Hereditary angioedema (HAE) is a rare, inherited disorder that causes swelling of various parts of the body, including the hands, feet, and face. HAE can occur in people of any age, but it is most commonly diagnosed in young adults. Because HAE is so rare, many people are not as familiar with its symptoms, and it can take a long time to obtain a proper diagnosis from a health care provider. Read on to learn more about this potentially life-threatening disorder, including its causes, symptoms, and treatment options.
What is hereditary angioedema?
Hereditary angioedema (HAE) is a rare, autosomal dominant disorder caused by mutations in the C1 inhibitor gene. The C1 inhibitor protein is responsible for inhibiting the inflammatory response. However, this protein is not functional in HAE, leading to uncontrolled inflammation and edema.
HAE occurs in about 1 in 50,000 people worldwide. It can affect people of any race or age group. There are three types of HAE: type 1 (the most common), type 2, and type 3. A different gene mutation causes each type.
Symptoms of HAE include episodes of swelling in the hands, feet, abdomen, face, or airway. These episodes can occur spontaneously or be triggered by factors such as stress, exercise, or infection. HAE can also cause abdominal pain, chest pain, and difficulty breathing.

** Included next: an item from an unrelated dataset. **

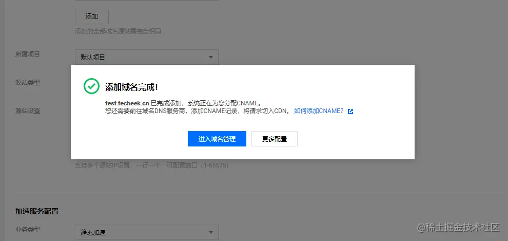 复制系统分配的CNAME域名test.techeek.cn.cdn.dnsv1.com。
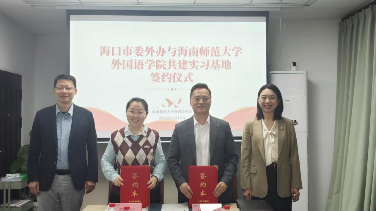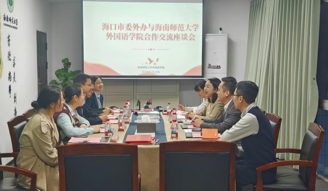 2026年1月15日上午,中共海口市委外事工作委员会办公室(以下简称 “海口市委外办”)与海南师范大学外国语学院合作交流座谈会暨校外实习基地签约仪式在海南师范大学龙昆南校区实验楼南盟会议室顺利举行。

What risks are associated with HAE?
HAE symptoms can range from mild to severe and can last for hours or days. Some people with HAE experience repeated attacks, while others have only a few episodes over their lifetime.
If untreated, HAE attacks can last for three days or longer and can recur multiple times over the course of a month. Therefore, it is essential to see your health care provider and develop a treatment plan if you are diagnosed with or suspect you might have HAE.
How can I reduce my risk of developing HAE?
There is no one definitive answer to this question, as the risk of developing HAE can vary from person to person. However, there are several things that people can do to reduce their risk of developing HAE.
One key factor is knowing whether or not someone has a family history of the condition. If there is a known history of HAE in one’s family, then affected individuals need to be aware of the symptoms and seek medical help if any occur. In addition, some general measures can be taken to help maintain overall health and reduce the risk of developing any type of disease, such as eating a healthy diet, getting regular exercise, and avoiding smoking and excessive alcohol consumption.
What is the treatment for HAE?
There is no cure for HAE. However, treatment options are available to help reduce the frequency and severity of attacks. Several ongoing research projects are investigating new therapies for HAE, including drugs that would block bradykinin production and gene therapy approaches that would replace the missing C1 inhibitor protein.
Treatment options for HAE include:
- Acute attack treatment: If you experience an acute attack, your doctor may prescribe medications such as antihistamines and corticosteroids to help relieve symptoms. You may also need to be hospitalized if your airway is at risk of becoming blocked.
- Daily prevention therapy: Your doctor may prescribe medications such as danazol or ecallantide to help reduce the number of attacks you experience. It is crucial to take these medications as prescribed and regularly follow up with your doctor.
- Emergency self-treatment: If you are experiencing an acute attack and cannot get to a doctor right away, you can use emergency self-treatment measures such as an ice pack or cold compress on the swollen area, elevate the affected limb, and drink plenty of fluids.
Additionally, people with HAE may want to consider enrolling in a clinical trial studying new treatments for the condition. Clinical trials offer access to new and potentially lifesaving therapies before they become available to the general public.